2024-07-18 08:12:51.167214: E external/local_xla/xla/service/gpu/buffer_comparator.cc:1137] Difference at 5: 3.62197, expected 3.11286
2024-07-18 08:12:51.167224: E external/local_xla/xla/service/gpu/buffer_comparator.cc:1137] Difference at 7: 3.87954, expected 3.37043
2024-07-18 08:12:51.167232: E external/local_xla/xla/service/gpu/buffer_comparator.cc:1137] Difference at 8: 3.47842, expected 2.96931
2024-07-18 08:12:51.167239: E external/local_xla/xla/service/gpu/buffer_comparator.cc:1137] Difference at 9: 3.88297, expected 3.37386
2024-07-18 08:12:51.167247: E external/local_xla/xla/service/gpu/buffer_comparator.cc:1137] Difference at 32: 3.63122, expected 3.12211
2024-07-18 08:12:51.167255: E external/local_xla/xla/service/gpu/buffer_comparator.cc:1137] Difference at 43: 3.30186, expected 2.79275
2024-07-18 08:12:51.167263: E external/local_xla/xla/service/gpu/buffer_comparator.cc:1137] Difference at 44: 2.66031, expected 2.1512
2024-07-18 08:12:51.167271: E external/local_xla/xla/service/gpu/buffer_comparator.cc:1137] Difference at 45: 3.67197, expected 3.16286
2024-07-18 08:12:51.167279: E external/local_xla/xla/service/gpu/buffer_comparator.cc:1137] Difference at 53: 3.71904, expected 3.20993
2024-07-18 08:12:51.167294: E external/local_xla/xla/service/gpu/conv_algorithm_picker.cc:705] Results mismatch between different convolution algorithms.
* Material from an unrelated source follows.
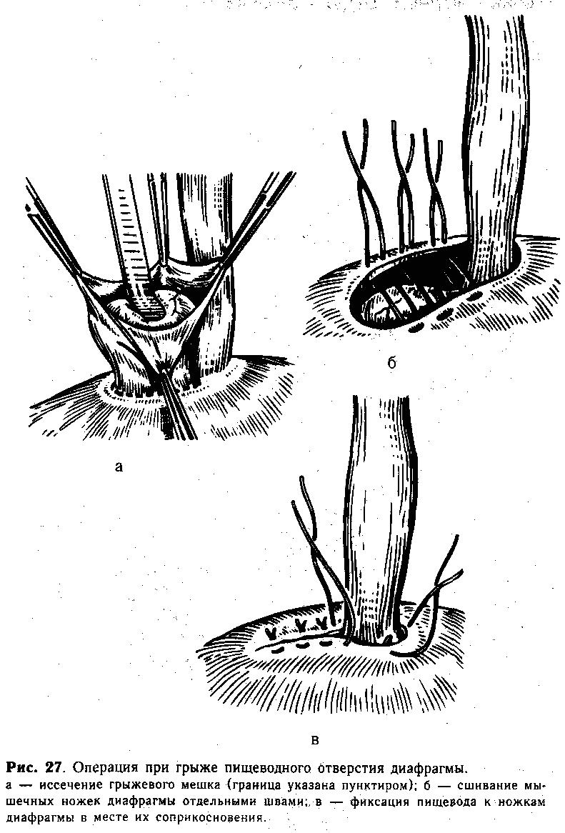 Техника операции. Положение больного — на боку. Под поясницу подложен валик, рука на стороне операции отведена и фиксирована к дуге операционного стола. В желудок через нос введен тонкий зонд. Разрезом по седьмому межреберью от сосковой до лопаточной линии послойно вскрывают грудную полость. Производят тщательный гемостаз. В нижнем отделе заднего средостения, около пищевода, обнаруживают грыжевой мешок, который рассекают продольно между пинцетами (рис. 27, а). Перемещенные органы осторожно низводят обратно в брюшную полость. Грыжевой мешок полностью иссекают (не травмировать блуждающий нерв!), затем мобилизуют кверху пищевод на 3—5 см. Медиальные ножки диафрагмы сшивают отдельными швами (1—2 ряда) под контролем зрения и пальца, захватывая в шов всю толщину мышцы (рис. 27, б); пищевод перемещают в переднеме-диальный отдел грыжевых ворот. Пищеводное отверстие суживают до таких размеров, чтобы оно свободно пропускало рядом с пищеводом палец хирурга. Пластику грыжевых ворот заканчивают фиксацией пищевода 2—3 швами к ножкам диафрагмы в месте их соприкосновения (рис. 27, в). Грудную полость послойно зашивают наглухо. Воздух из полости плевры отсасывают путем пункции.

This is likely a bug/unexpected loss of precision in cudnn.
(f32[1,32,128,128]{3,2,1,0}, u8[0]{0}) custom-call(f32[1,3,128,128]{3,2,1,0}, f32[32,3,3,3]{3,2,1,0}, f32[32]{0}), window={size=3x3 pad=1_1x1_1}, dim_labels=bf01_oi01->bf01, custom_call_target="__cudnn$convBiasActivationForward", backend_config={"conv_result_scale":1,"activation_mode":"kRelu","side_input_scale":0,"leakyrelu_alpha":0} for eng20{k2=2,k4=1,k5=1,k6=0,k7=0} vs eng15{k5=1,k6=0,k7=1,k10=1}
2024-07-18 08:12:51.167302: E external/local_xla/xla/service/gpu/conv_algorithm_picker.cc:270] Device: Tesla P100-PCIE-16GB
2024-07-18 08:12:51.167309: E external/local_xla/xla/service/gpu/conv_algorithm_picker.cc:271] Platform: Compute Capability 6.0
2024-07-18 08:12:51.167316: E external/local_xla/xla/service/gpu/conv_algorithm_picker.cc:272] Driver: 12040 (550.90.7)
2024-07-18 08:12:51.167323: E external/local_xla/xla/service/gpu/conv_algorithm_picker.cc:273] Runtime: <undefined>
2024-07-18 08:12:51.167333: E external/local_xla/xla/service/gpu/conv_algorithm_picker.cc:280] cudnn version: 8.9.0

Here’s code of my model:

        keras.layers.InputLayer(shape=(WIDTH, HEIGHT, 3)),
        keras.layers.Conv2D(32, (3, 3), activation='relu', padding='same'),
        keras.layers.MaxPooling2D((2, 2)),
        keras.layers.Conv2D(64, (3, 3), activation='relu', padding="same"),
        keras.layers.MaxPooling2D((2, 2)),
        keras.layers.Conv2D(64, (3, 3), activation='relu', padding="same"),
        keras.layers.Flatten(),
        keras.layers.Dense(64, activation='relu'),
        keras.layers.Dense(1, activation='sigmoid')
    ])

What this warning is exactly about and how to get rid of it?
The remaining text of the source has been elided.